Are there industry options or methods of wiring to allow for a UPS room separate from the actual rooms the racks are stored in?
It's almost tradition to have a rack with UPS's in the bottom and then the rest of the space filled with servers or drive arrays.
We wouldn't ever think of putting a tiny backup generator in the bottom of every rack, so why do we put a battery storage system there? Also, with the advances in battery chemistry technology that improve reliability and density, it's only a matter of time until Lithium chemistry batteries are available and that also increases the risk of fire.

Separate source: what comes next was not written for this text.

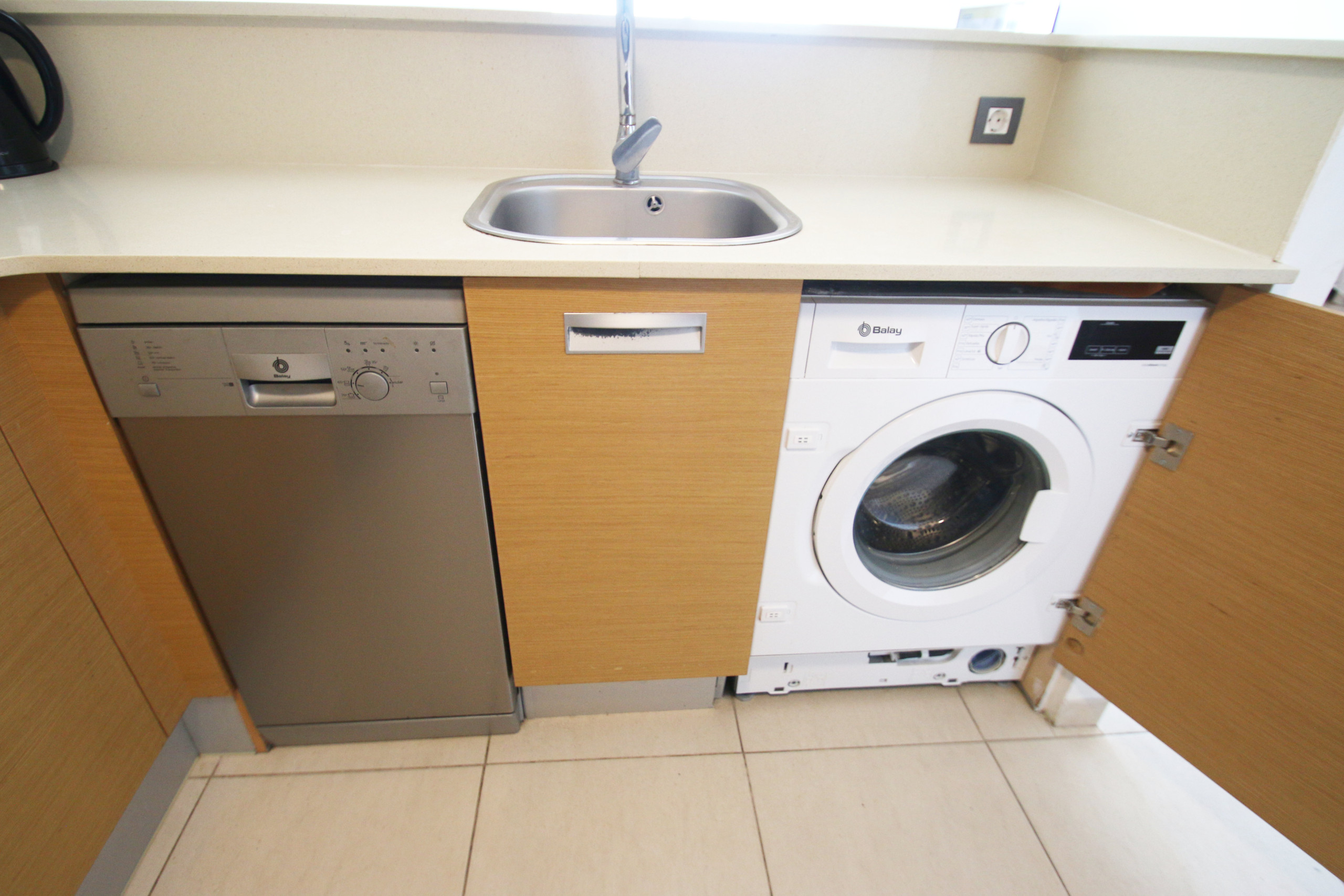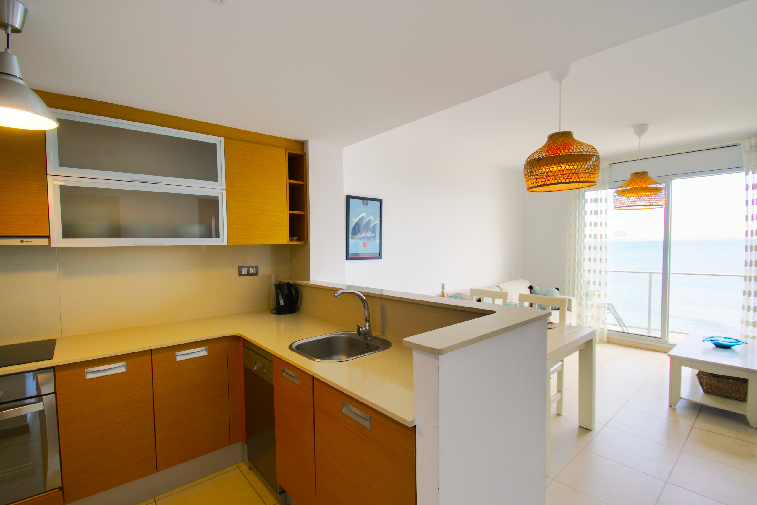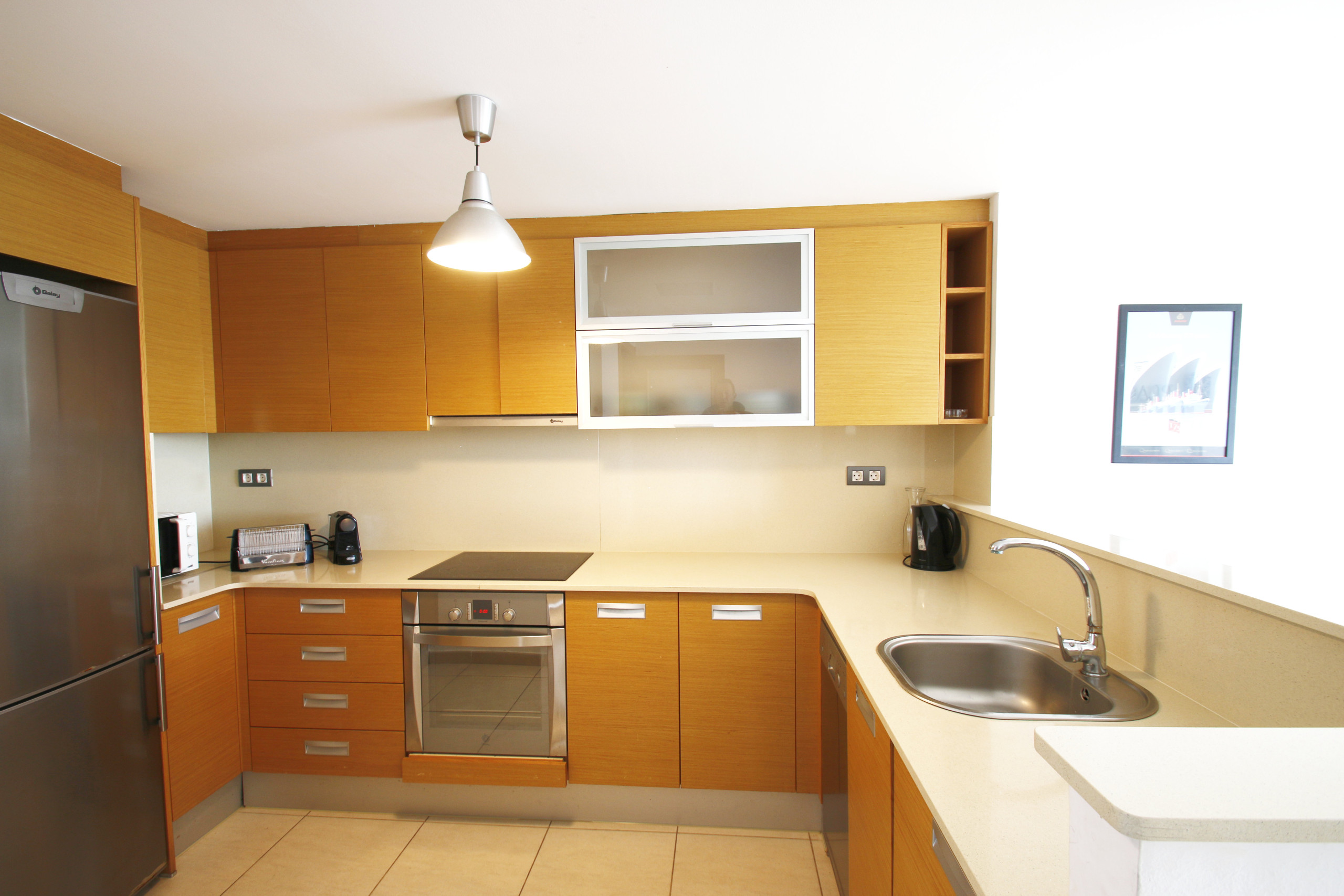 La cuisine américaine est entièrement équipée d'électroménagers de dernière génération, comprenant un réfrigérateur, un congélateur, un lave-vaisselle, un micro-ondes, une machine à café et tous les ustensiles nécessaires pour préparer de délicieux repas. De plus, elle dispose d'une zone de repassage pratique pour votre confort.

Is there any reason not to move backup power to another room, or even to a separate structure like how they put backup generators on a pad outside of the building?
For the extreme opposite of that, Google famously trolled everyone 10 years ago by announcing that every one of their servers had its own in-chassis 12V battery:
Power is generated hundreds of kilometres from where it is used, so having your UPS room a few dozen metres from your actual DC room isn't a big deal. I-squared-R losses aren't going to be that huge.
Europe uses 400Y/230 for nominal low-voltage distribution (see Table 1 in above), so stringing some 400V extra copper to the PDUs, which then have 230V at the plugs, isn't a big deal.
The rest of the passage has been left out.